@reid

Debugging Travis builds

Important Update December 19, 2013 — Travis infrastructure has changed since this post was written. This post remains unchanged for posterity; however, be aware that this setup no longer represents the current state of Travis.

Yeti uses Travis CI to the max by spawning lots of PhantomJS processes that are tested asynchronously. When tests start failing in Travis, but not anywhere else, debugging can be infuriating.

You can setup a Travis box locally to debug the problem. Trung Lê wrote about debugging with a local Travis VM in August 2012 but that post is outdated and didn’t work. You can expect sweeping changes to the Travis build infrastructure in the near future, so this blog post will also be outdated soon.
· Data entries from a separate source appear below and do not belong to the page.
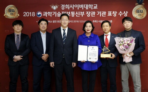 경희사이버대는 부정행위 방지를 위해 화상회의 시스템을 기반으로 실시간 시험 감독 시스템 구축 운영, 정보통신기술 활용으로 새로운 교육 서비스 시스템 구축 및 실행으로 정보통신 서비스 발전에 기여한 점을 인정받아 ‘과학기술정보통신부 장관 표창’을 수상했다.
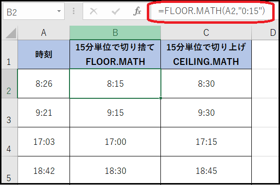 - 『 =FLOOR.MATH( A2, “0:15” )』と入力します。
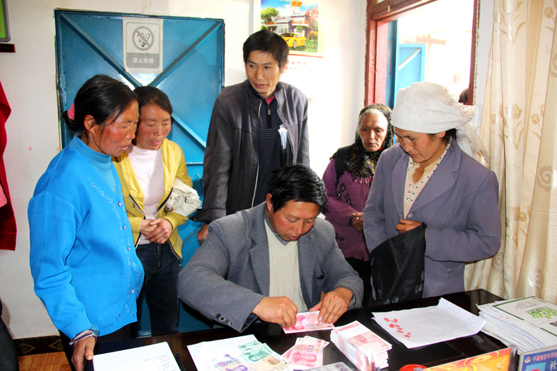 ▲近日,牛棚镇为20个行政村发放2011年和2012年危房改造补助款,共发放补助资金867万元。图为工作人员正在发放危房补助款。(冶付红 摄)
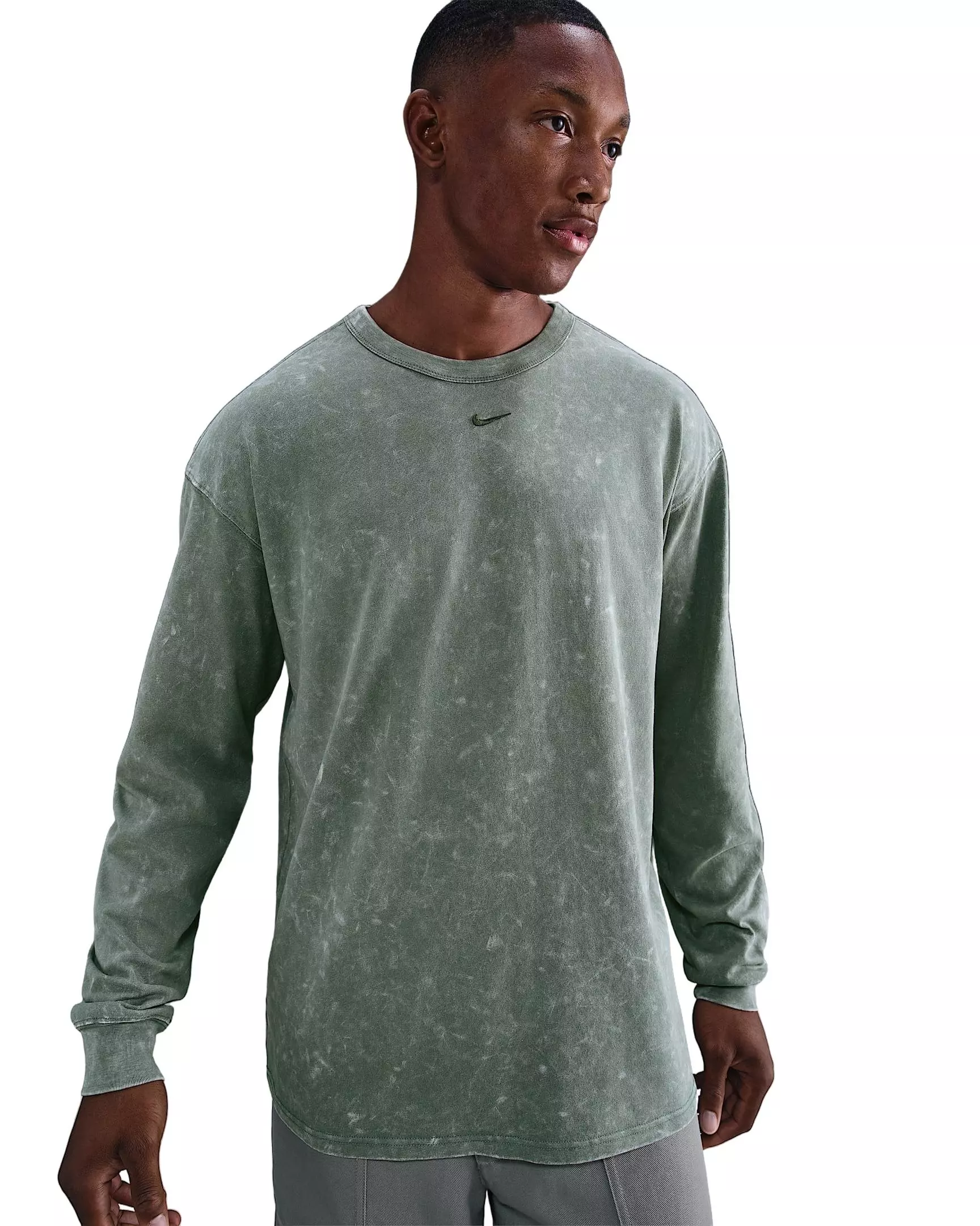 Clean and classic, this green Nike Men's Sportswear Premium Essentials Long-Sleeve T-Shirt is roomy through the body. Heavyweight cotton has a textured feel and a structured look for durable, daily comfort.

For now, we have a bug that needs fixing. Let’s setup a local Travis VM for Node.js debugging.

My assumptions about your computer

  1. Plenty of disk space
  2. OS X (but this should work with other systems, too)

Install Vagrant & VirtualBox

Visit the Vagrant website and the VirtualBox website for installers.

Download the jvm box

The jvm box is where Node.js builds run. Download travis-jvm.box. (3.2 GB)

Prepare the jvm box

Import the VM box:

vagrant box add travis-jvm travis-jvm.box

Verify it’s there:

vagrant box list

Start the jvm box

Create a working directory to hold the Vagrantfile for the travis-jvm box.

mkdir boxes
cd boxes

Create the Vagrantfile and get the box ready to use:

vagrant init travis-jvm

The username for the VM is travis, so add this line to your Vagrantfile’s do-block:

config.ssh.username = "travis"

Start the VM:

vagrant up

Things should work nicely. (If not, read on.)

You can access the VM with this command:

vagrant ssh

You can now follow the steps of your Travis build and debug your problem.

If you have problems running vagrant ssh, you can try using a username and password for logging in instead with this command:

vagrant ssh -p -- -l travis

The password is travis.

More fancy debugging

The VM uses a NAT-only network. You may not be able to access it from your computer. For the problems I debug, I need to be able to access the the Node web server inside the VM from a browser on OS X.

This means you should setup a host-only network interface, in addition to the NAT-only interface.

Add this line to your Vagrantfile’s do-block:

config.vm.network :hostonly, "192.168.89.10"

This will setup a host-only network and give the IP address 192.168.89.10 to the VM. (If you are on a network that uses 192.168.89.xxx already, change the IP subnet to something else, because it cannot conflict with another subnet your host computer is using.)

Reload the VM:

vagrant reload

You should be able to access the VM from the host at 192.168.89.10.

Sometimes running vagrant up with a host-only network fails because of a bug in net-ssh and Vagrant with the message “Waiting for VM to boot. This can take a few minutes.” This bug is quite annoying, but a detailed workaround procedure that clears DHCP leases is available that’ll allow you to start the VM.

Teardown

You can pause the VM with vagrant suspend and bring it back to life with vagrant resume. If you’d like to power off the VM, do so over SSH. If you can’t, vagrant halt will power it off.

If you want to start from a clean slate, you can destroy it with vagrant destroy. Re-creating a fresh VM is as easy as vagrant up.

You can learn more about these commands by reading the Vagrant teardown documentation.

Do not debug on travis-ci.org

When you have a Travis-only problem, try creating a local environment as described above first. Don’t try to use the hosted Travis service to debug complicated failures. I have made this mistake many times:

  1. Noticed my build is failing in Travis.
  2. Make sure my own environments and clean installs do not fail. (The problem is sometimes here!)
  3. Create a branch named fix-travis-foo or something.
  4. Start making commits and pushes to this temporary branch attempting to fix the problem.
  5. Wait for the build to finish. If the build failed, repeat step 4.

First of all, this takes a long time. Travis isn’t terribly slow for CI purposes, but when you’re trying to actively debug something, the last thing you need is having your app tests go from 15 seconds to 5 minutes.

Most of all, my problems are usually with PhantomJS. When I can fully control the VM, I can add remotely debug the headless browser on OS X. I can also capture packets creatively with tcpdump(8). Using those tools, I found some pretty heinous race conditions in the Yeti test suite that would have been nearly impossible to find by trial-and-error.